Eksplorasi.id – Investasi hulu minyak dan gas bumi (migas) di Indonesia dinilai kurang menarik dibandingkan negara-negara lain.
Direktur Jenderal Migas Kementerian Energi dan Sumber Daya Mineral (ESDM) I Gusti Nyoman Wiratmaja Puja mengatakan, hal itu disebabkan cadangan migas di Indonesia sudah menipis, ditambah kondisi geologi yang relatif lebih kompleks dibandingkan negara-negara di Afrika dan Timur Tengah.
Lebih jauh, Wiratmaja mengatakan, daya tarik industri hulu migas Indonesia lebih rendah dibandingkan negara-negara kaya minyak lainnya, terlihat dari imbal hasil atau interest rate of return (IRR) yang kecil.
Di sisi lain, bagi hasil untuk penerimaan negara cenderung lebih besar.
Imbal hasil investasi hulu migas yang menarik ada di angka 18-24 persen karena risiko industri yang tinggi.
Namun, saat ini rata-rata imbal hasil investasi hulu migas di Indonesia hanya di bawah delapan persen.
“Apalagi yang deep water, seperti IDD Bangka atau lapangan Jangkrik, sekitar lima persen. Jadi, sangat tidak atraktif industri hulu migas di Indonesia,” kata dia.
Sebagai perbandingan, lapangan migas paling atraktif untuk investor bisa memberikan imbal hasil sampai 34 persen, meskipun diakui Wiratmaja rata-rata lapangan hanya memberikan imbal hasil 24 persen.

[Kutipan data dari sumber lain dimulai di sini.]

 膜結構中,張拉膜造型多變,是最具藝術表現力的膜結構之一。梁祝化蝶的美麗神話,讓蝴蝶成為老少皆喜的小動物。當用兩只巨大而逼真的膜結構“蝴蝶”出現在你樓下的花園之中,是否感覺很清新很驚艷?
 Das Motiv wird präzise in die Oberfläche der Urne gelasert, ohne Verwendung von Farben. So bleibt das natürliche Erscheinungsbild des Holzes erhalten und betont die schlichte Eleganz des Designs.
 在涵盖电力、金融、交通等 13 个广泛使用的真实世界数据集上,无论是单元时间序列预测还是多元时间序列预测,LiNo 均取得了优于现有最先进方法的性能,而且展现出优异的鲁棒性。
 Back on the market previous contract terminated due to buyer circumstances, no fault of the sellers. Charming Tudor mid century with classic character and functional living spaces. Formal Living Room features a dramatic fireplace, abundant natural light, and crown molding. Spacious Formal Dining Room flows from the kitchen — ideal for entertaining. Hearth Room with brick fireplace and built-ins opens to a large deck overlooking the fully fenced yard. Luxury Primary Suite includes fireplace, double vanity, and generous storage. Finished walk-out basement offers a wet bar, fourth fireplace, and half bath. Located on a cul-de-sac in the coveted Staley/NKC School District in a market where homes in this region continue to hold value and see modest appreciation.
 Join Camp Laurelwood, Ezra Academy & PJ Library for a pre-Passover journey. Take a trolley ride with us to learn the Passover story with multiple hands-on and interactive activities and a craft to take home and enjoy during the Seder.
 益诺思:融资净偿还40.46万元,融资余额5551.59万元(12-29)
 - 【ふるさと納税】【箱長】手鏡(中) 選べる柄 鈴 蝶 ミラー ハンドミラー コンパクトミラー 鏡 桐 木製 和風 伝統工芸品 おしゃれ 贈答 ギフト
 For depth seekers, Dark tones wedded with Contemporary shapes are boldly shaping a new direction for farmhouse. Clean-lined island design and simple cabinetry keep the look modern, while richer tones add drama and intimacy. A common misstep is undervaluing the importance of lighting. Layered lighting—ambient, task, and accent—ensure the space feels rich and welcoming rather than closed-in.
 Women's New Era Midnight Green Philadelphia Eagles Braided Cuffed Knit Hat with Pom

“Yang paling atraktif itu ada di Amerika dan Meksiko, sedangkan di Afrika rata-rata IRR 20-24 persen,” imbuh Wiratmaja.
Atas dasar itulah, Wiratmaja menuturkan, Kementerian ESDM mengusulkan revisi Peraturan Pemerintah Nomor 79 Tahun 2010.
“Jadi, kita perlu membuat sesuatu yang menarik orang untuk berinvestasi, tetapi juga tidak membuat negara terlalu dirugikan,” ucap Wiratmaja.